Protecting the Green Belt
14. What steps he is taking to protect the green belt.
The Government are committed to preserving green belts, which have served England’s towns and cities well over many decades. We have not changed the five purposes of the green belt set out in paragraph 143 of the national planning policy framework. That framework still contains strong protections for the green belt, making it clear that inappropriate development should not be approved unless justified by very special circumstances.
The approach to the green belt taken by Labour Members is the clearest example yet of their saying one thing and doing another. The Secretary of State campaigns against building on green spaces in his own constituency, but he is more than happy to see green spaces in my constituency concreted over by developers. Can the Minister tell me why constituents’ green space in my area is apparently less important than the green space in the Secretary of State’s area?
As the right hon.
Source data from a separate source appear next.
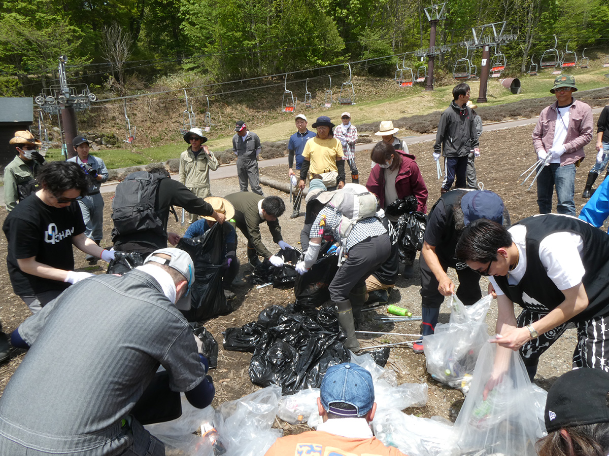 意識しなければ見落としてしまいそうな小さなゴミも、集めるとものすごい量になる。冬の間存分に楽しませてもらった施設において、コースやスキーセンター周辺を歩きながらゴミ拾いをするこの活動を通して、山や自然の環境を守る意識を高めるとともに、スキー場勤務やメーカー、ショップスタッフなど、互いに違う立場の者同士が共同作業することはとても大きな意味を持つ。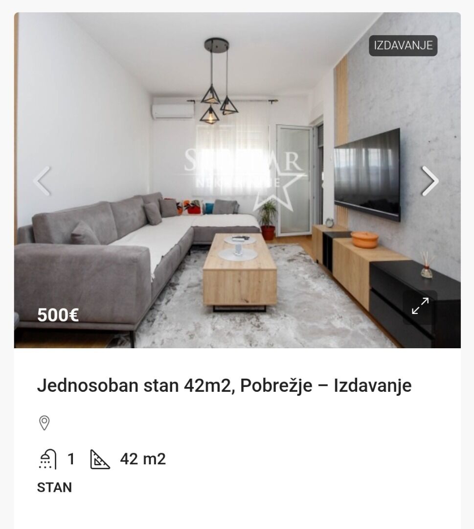 - Na mesec · 500 €Komunalije su uključene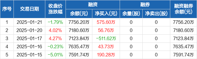 益方生物:融资净买入575.6万元,融资余额7756.2万元(01-21)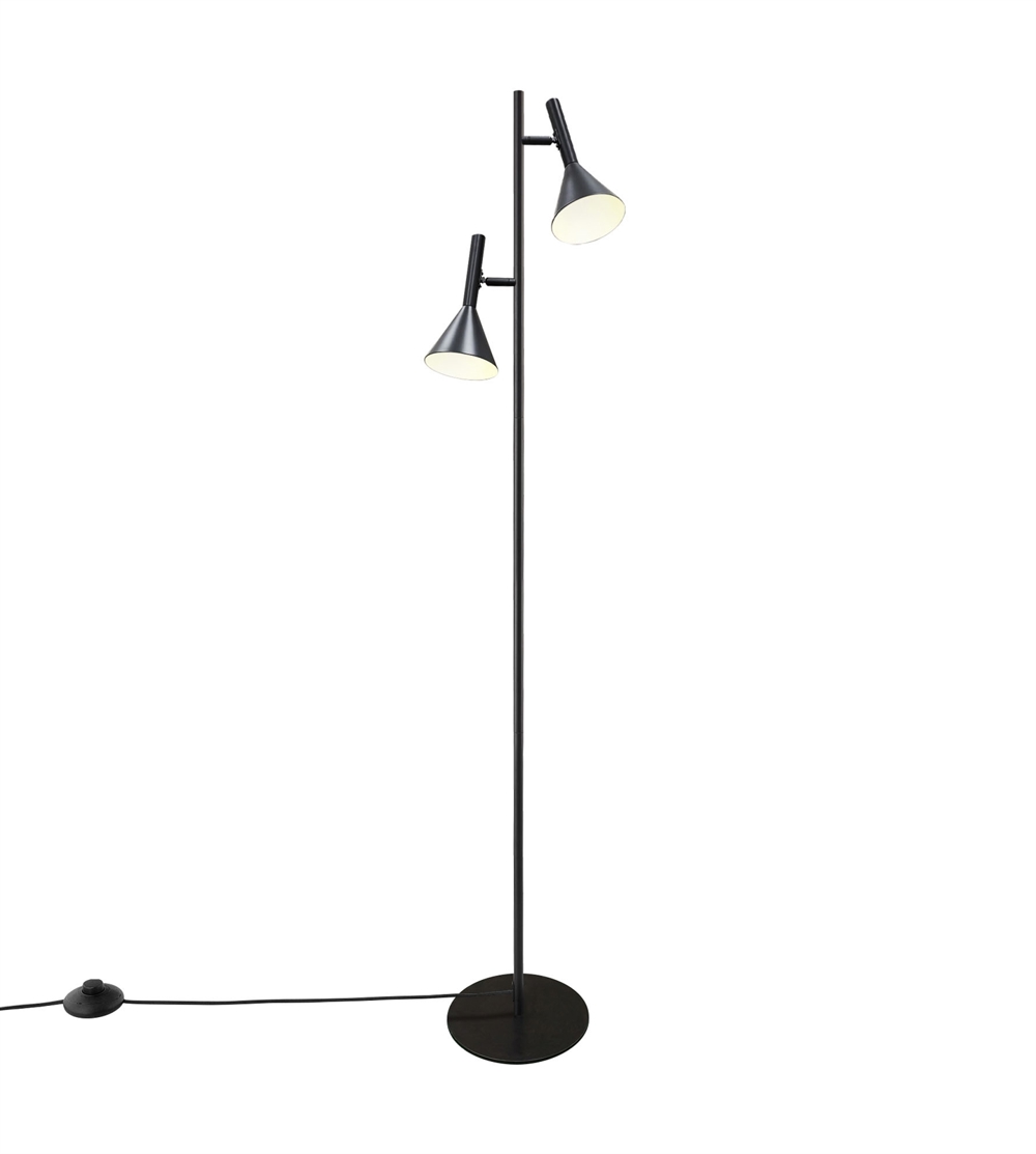 Die Stehleuchte Kelvis ist eine stilvolle und moderne Leuchte, die minimalistisches nordisches Design mit praktischer Funktionalität verbindet. Das schlanke Profil und das elegante schwarze Finish machen sie zu einem dekorativen Element in der Einrichtung – perfekt für Wohnzimmer, Schlafzimmer oder Büro. Die zwei Schirme sind verstellbar und lassen sich um 90° neigen und um 350° drehen, sodass die Lichtrichtung je nach Bedarf gezielt ausgerichtet werden kann. Eine gute Wahl als Leselampe oder Arbeitslicht.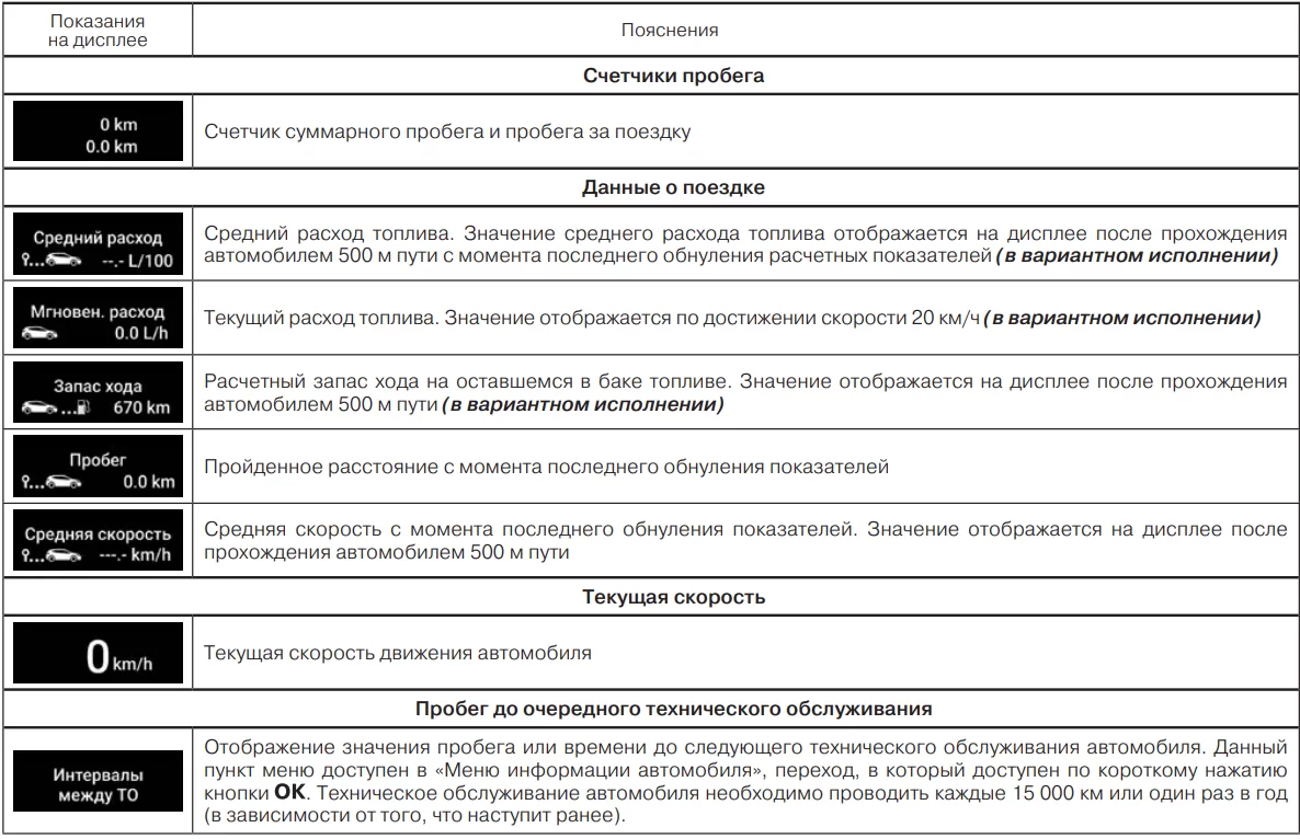 В вариантном исполнении бортовой компьютер отображает следующие показания: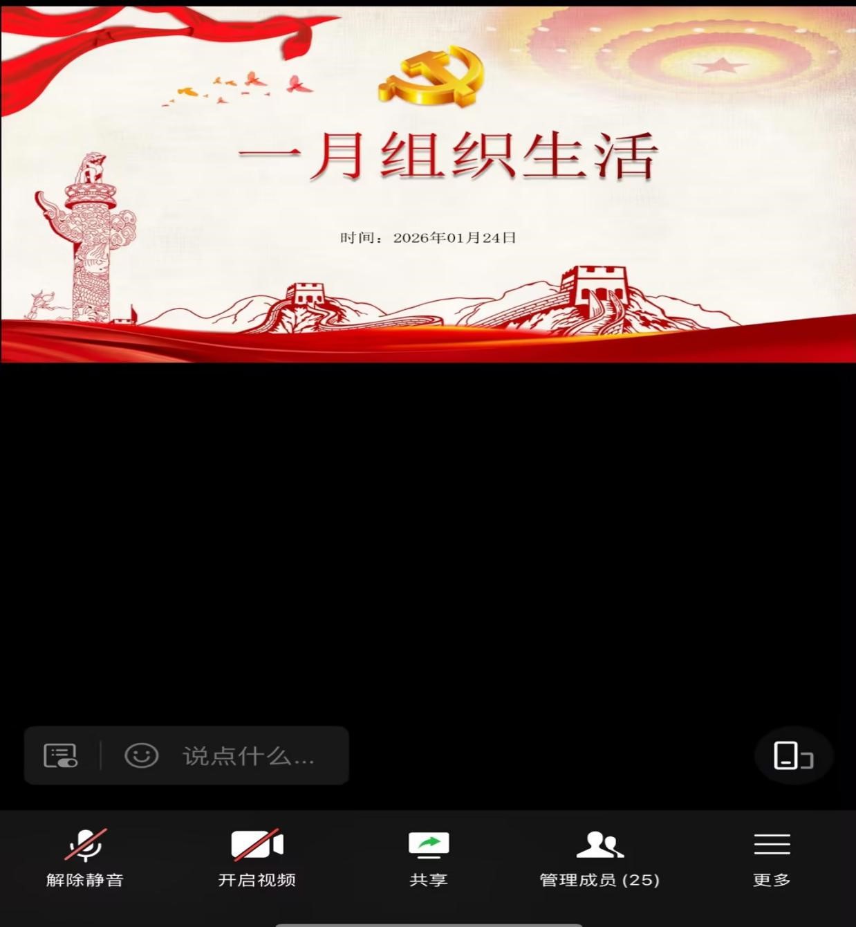 为深入贯彻习近平总书记重要讲话精神,进一步加强党组织建设,提升党员党性修养,MS88明升党委员工第四党支部于2026年1月24日上午在线上开展了一月组织生活,支部书记文理同志和支部全体党员共25人参加了本次活动,活动由支部书记文理同志主持。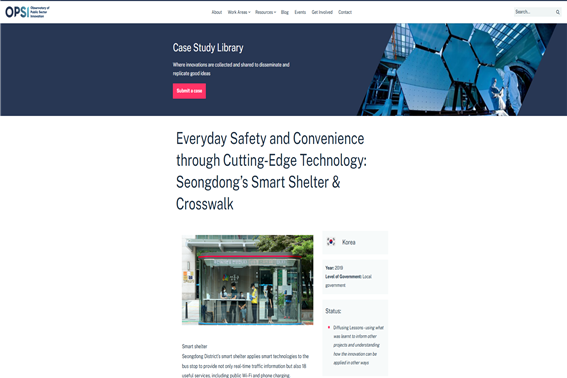 | ▲ '성동형 스마트쉼터·횡단보도'가 OECD 혁신 사례에 선정됐다. OECD 누리집(OPSI)에 소개된 모습 (사진=성동구청 제공) |

Lady well understands—we have had this exchange many times—it is for individual local planning authorities to determine whether green-belt land should be released and the exceptional circumstances test has been met. All the clever questions that she comes up with—I admire her ingenuity in doing so—disguise her true position, which is that she does not want any houses built on any green-belt land in any part of her constituency or anywhere near it, even if that means preventing families from buying or even longer waits for people on housing waiting registers.
I call the shadow Minister.
Is the Minister confident that the Government’s invention of the term “grey belt” is providing protection to the green belt?
Well, it depends where you are, doesn’t it?
I am confident, Mr Speaker. Perhaps the hon. Gentleman could confirm to me whether it is now the policy of His Majesty’s Opposition that if all reasonable options for meeting identified housing need have been exhausted, including grey-belt land, no green-belt land can ever be released, even in those very special circumstances. If that is their position, the Opposition are consciously and deliberately consigning people in this country to longer misery as a result of the acute housing crisis that got worse on their watch and is still causing misery, which we are undoing.
The Government have previously claimed that so-called grey-belt land is comprised of old petrol stations and disused car parks, but by December 2025, of the 13 developments of 10 or more homes on so-called grey-belt land that had been approved by Government planning inspectors, 88% were due to be built on what had previously been undeveloped countryside. The evidence is unequivocal: the green belt is under attack from this Government. Why will the Minister not just admit that the term “grey belt” is in fact a dishonest concoction designed to mislead the general public?
It is anything but a dishonest concoction. As I have said, grey-belt land is determined by local planning authorities where it does not meet the purposes of the green belt, as set out. I come back to the question of what the hon. Gentleman is saying: is he saying that our strategic and targeted approach to the green belt should be replaced by the chaotic and haphazard approach that the previous Government took, under which we saw swathes of green-belt land released across the country, often in the wrong areas? The grey belt is ensuring that the right kind of low-quality green-belt land is released where all other options have been exhausted and where need for housing needs to be met through that avenue.